--- Supplied records Enclosed Below ---

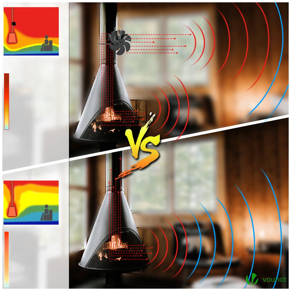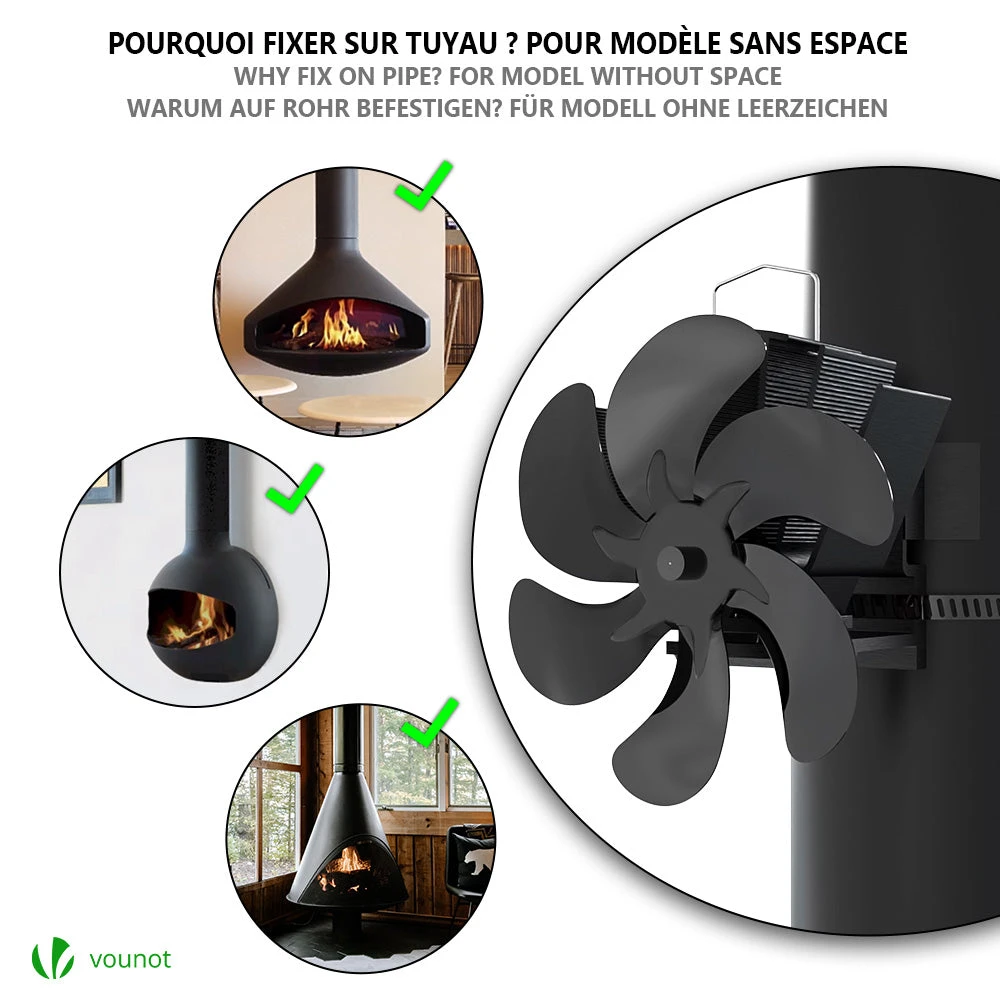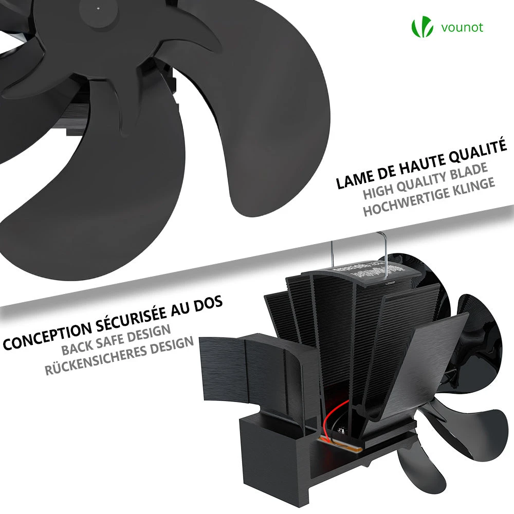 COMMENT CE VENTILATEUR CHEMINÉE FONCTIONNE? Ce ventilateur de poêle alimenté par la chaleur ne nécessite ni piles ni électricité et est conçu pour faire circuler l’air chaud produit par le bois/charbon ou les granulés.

--- End of Enclosed Supplied records ---
--- Supplied records Enclosed Below ---

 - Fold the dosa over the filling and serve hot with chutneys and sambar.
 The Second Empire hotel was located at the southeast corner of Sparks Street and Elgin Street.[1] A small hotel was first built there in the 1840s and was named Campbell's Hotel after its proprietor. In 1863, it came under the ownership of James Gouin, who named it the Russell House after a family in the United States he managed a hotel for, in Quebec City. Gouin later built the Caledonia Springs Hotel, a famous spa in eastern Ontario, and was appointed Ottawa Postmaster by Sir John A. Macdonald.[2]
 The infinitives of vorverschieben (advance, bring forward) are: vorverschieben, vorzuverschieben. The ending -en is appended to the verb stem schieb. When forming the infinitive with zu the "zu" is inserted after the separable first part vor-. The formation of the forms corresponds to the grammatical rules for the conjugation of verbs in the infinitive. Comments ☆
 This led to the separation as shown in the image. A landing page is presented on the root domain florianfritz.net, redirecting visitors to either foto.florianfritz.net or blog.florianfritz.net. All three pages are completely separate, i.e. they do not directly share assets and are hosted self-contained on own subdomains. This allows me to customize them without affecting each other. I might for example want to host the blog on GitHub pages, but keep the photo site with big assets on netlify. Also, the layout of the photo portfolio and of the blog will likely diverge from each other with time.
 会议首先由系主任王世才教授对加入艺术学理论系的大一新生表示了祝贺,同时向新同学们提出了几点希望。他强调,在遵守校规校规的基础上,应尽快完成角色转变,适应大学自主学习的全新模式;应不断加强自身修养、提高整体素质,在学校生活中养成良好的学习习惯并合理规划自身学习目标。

--- End of Enclosed Supplied records ---

Instructions for the task -
Would you print exactly, and only, the lines of the data above from the line with "- Fold the dosa" through the line with "会议首先由系主任王世才教授对", inclusive?

Response below -
 - Fold the dosa over the filling and serve hot with chutneys and sambar.
 The Second Empire hotel was located at the southeast corner of Sparks Street and Elgin Street.[1] A small hotel was first built there in the 1840s and was named Campbell's Hotel after its proprietor. In 1863, it came under the ownership of James Gouin, who named it the Russell House after a family in the United States he managed a hotel for, in Quebec City. Gouin later built the Caledonia Springs Hotel, a famous spa in eastern Ontario, and was appointed Ottawa Postmaster by Sir John A. Macdonald.[2]
 The infinitives of vorverschieben (advance, bring forward) are: vorverschieben, vorzuverschieben. The ending -en is appended to the verb stem schieb. When forming the infinitive with zu the "zu" is inserted after the separable first part vor-. The formation of the forms corresponds to the grammatical rules for the conjugation of verbs in the infinitive. Comments ☆
 This led to the separation as shown in the image. A landing page is presented on the root domain florianfritz.net, redirecting visitors to either foto.florianfritz.net or blog.florianfritz.net. All three pages are completely separate, i.e. they do not directly share assets and are hosted self-contained on own subdomains. This allows me to customize them without affecting each other. I might for example want to host the blog on GitHub pages, but keep the photo site with big assets on netlify. Also, the layout of the photo portfolio and of the blog will likely diverge from each other with time.
 会议首先由系主任王世才教授对加入艺术学理论系的大一新生表示了祝贺,同时向新同学们提出了几点希望。他强调,在遵守校规校规的基础上,应尽快完成角色转变,适应大学自主学习的全新模式;应不断加强自身修养、提高整体素质,在学校生活中养成良好的学习习惯并合理规划自身学习目标。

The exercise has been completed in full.